Three haematology researchers elected Academy Fellows

Three haematology researchers from the Walter and Eliza Hall Institute of Medical Research (WEHI), Melbourne, are among 29 of the nation’s top medical and health researchers elected as Fellows of the Australian Academy of Health and Medical Sciences (AAHMS) in recognition of their outstanding contributions to health and medical research in Australia.

Former WEHI director Professor Suzanne Cory is elected to the Academy for her contributions to cancer genetics.

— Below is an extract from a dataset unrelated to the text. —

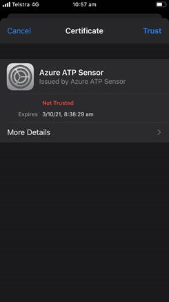 We have an instance where when users are connecting to the Corp Wifi they are being prompted on the devices to install/trust a Certificate labeled "Azure ATP Sensor" - the details in the certificate ...
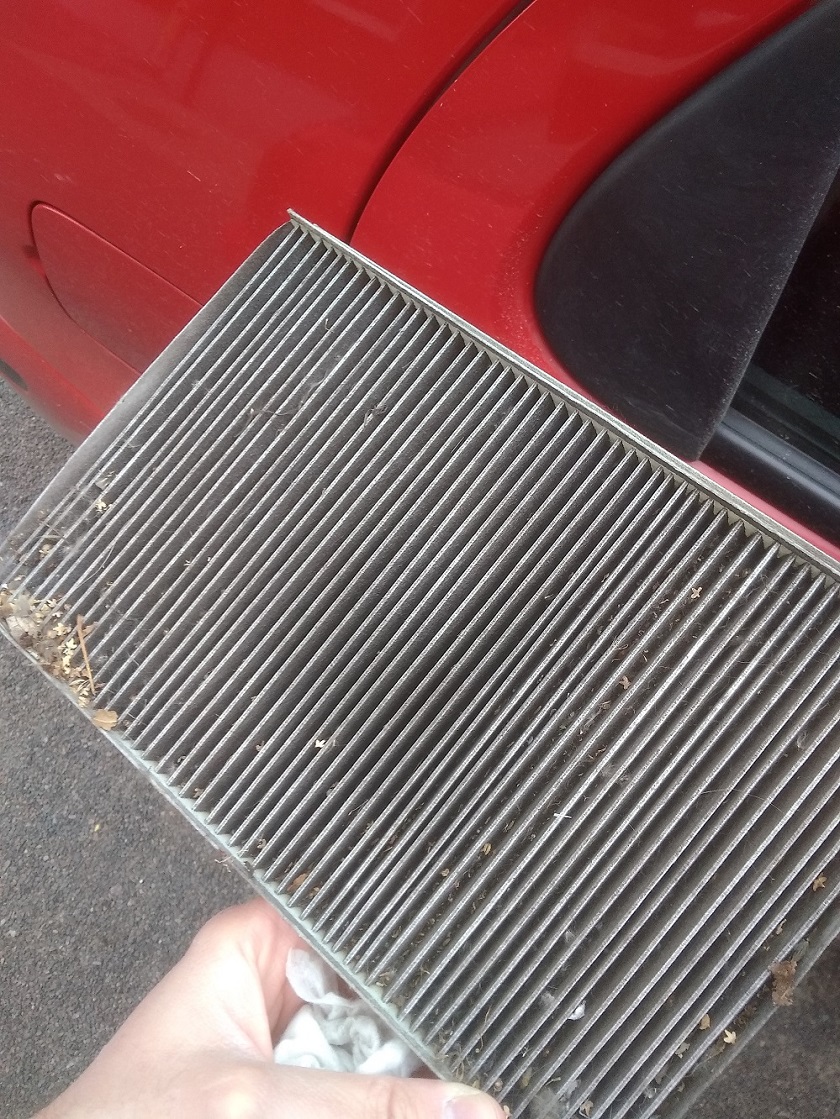 Зняв фільтр салону. Він виявився геть забитий листями, та усяким мотлохом з дерев. Фільтр викинув, поставив кришку на місце.

“With Jerry Adams, she discovered that chromosome translocations associated with human Burkitt’s lymphomas activate the oncogene MYC, which promotes cell proliferation. By modelling this translocation in transgenic mice, they proved it to be causative. Professor Cory’s work also played a role in the discovery that BCL-2, translocated in follicular lymphoma, promotes cancer by impairing apoptosis. Detailed analysis of mechanism with their colleagues culminated in the anti-BCL-2 drug venetoclax, which is revolutionising cancer treatment.

Molecular biologist Professor Jerry Adams of the WEHI Blood Cells and Blood Cancer Division has been elected in recognition of his ground-breaking work on the BCL-2 gene that led to the development of venetoclax, according to the Academy. His lab showed that the chromosome translocations hallmarking certain lymphomas represent activation of oncogenes by juxtaposed immunoglobulin (Ig) locus enhancers, it noted, with the prototype being MYC activation by enhancer Eμ. Their tumorigenic impact was revealed by engineering transgenic mice, such as Eμ-MYC mice, which remain an invaluable tumour model worldwide.

“The seminal discovery that the BCL-2 gene drives lymphomagenesis by preventing apoptosis, and his many contributions on how BCL-2 and its relatives control apoptosis have directly stimulated development of the BCL-2 inhibitor venetoclax, which is revolutionising treatment of CLL and AML patients,” the Academy citation stated.

Similarly, Professor David Ching Siang Huang, Laboratory Head of the Blood Cells and Blood Cancers Division Institute is recognised for his fundamental research discoveries on programmed cell apoptosis that laid the foundations for the discovery and development of BCL-2 inhibitors.

“He made critical contributions towards revealing how BCL2, often overactive in blood cancers, and its relatives block cell death, thereby uncovering how BCL2 could be targeted in cancer cells. In collaboration with industry partners, this work led to the development of venetoclax to target BCL2. Venetoclax has proven highly effective and is now approved in Australia and other jurisdictions for patients with some types of leukaemias and lymphomas,” the Academy noted.